Op-Ed: The Global War of Ideas is Back
January 5, 2020
In October, the General Manager of the Houston Rockets basketball team tweeted his support of the protests in Hong Kong. In response, the Chinese government banned the team from China indefinitely. The NBA scrambled to manage relations with China and its American viewers afterward.
Americans stood shocked by China’s swift attempt to bully someone for a tweet, but it is only one part of a larger global effort by the Chinese government to undermine American ideals. The United States needs to take a clear stand for its liberal principles across the world.
The biggest threat today to the dominance of liberal democracy comes from a rising China. As a communist dictatorship, the leadership of China has a strong aversion to the values of liberty and democracy.

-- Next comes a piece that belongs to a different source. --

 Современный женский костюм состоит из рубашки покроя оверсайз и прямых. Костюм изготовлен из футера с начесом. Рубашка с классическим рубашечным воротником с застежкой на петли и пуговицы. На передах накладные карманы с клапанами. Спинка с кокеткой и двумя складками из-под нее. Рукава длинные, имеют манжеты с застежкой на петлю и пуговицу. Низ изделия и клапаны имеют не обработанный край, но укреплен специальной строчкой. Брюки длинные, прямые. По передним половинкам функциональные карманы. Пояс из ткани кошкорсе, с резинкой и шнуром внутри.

In the past few years, China has made a concerted effort to undermine the liberal international order and even provide an alternative to democratic capitalism. It has done so by selling both its authoritarian system of government and state-led economic system.
Previously, Chinese leaders have asserted that its political model only fits its country and should not be applied to the rest of the world. Yet in the past couple of years, the Chinese government has actively promoted the “China model.” In 2017, Chinese leader Xi Jinping said that China, “offers a new option for other countries and nations who want to speed up their development while preserving their independence.”

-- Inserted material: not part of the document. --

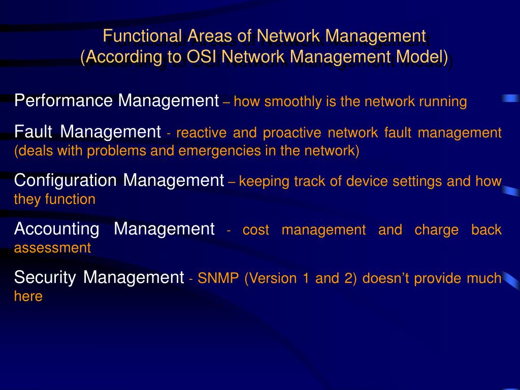 Functional Areas of Network Management(According to OSI Network Management Model) Performance Management– how smoothly is the network running Fault Management- reactive and proactive network fault management (deals with problems and emergencies in the network) Configuration Management– keeping track of device settings and how they function Accounting Management- cost management and charge back assessment Security Management- SNMP (Version 1 and 2) doesn’t provide much here

The Chinese government has also worked hard to promote its political values abroad in recent years. It has pushed its type of dictatorship and hostility to human rights to the forefront of its foreign policy. For example, Chinese propagandists have called freedom of speech “subversive” and an American “weapon,” and even called it a stepping stone to fascism. At the United Nations, China now actively tries to defund any human rights initiatives and insert language that is supportive of the Chinese government. It also builds coalitions of dictatorships to push its agenda in the organization. By doing so, China promotes its authoritarian principles and hurts our human rights initiatives abroad.
The Chinese government has sought to sell its model of digital surveillance to the rest of the world. China is famously pushing to build a “social credit system,” in which every citizen is closely tracked by the government and punished for violating the interests of the state. China now sells both the equipment, such as security cameras, and the management techniques of its surveillance state. According to Freedom House, China has advised 36 countries on how to monitor their citizens online.
The Chinese government even promotes its treatment of ethnic minorities as “more successful” than America’s. In recent years, China has undertaken a brutal campaign in the northwest territory of Xinjiang to place between 1-2 million Uighur Muslims in internment camps. There are reports of physical and psychological torture within the prisons.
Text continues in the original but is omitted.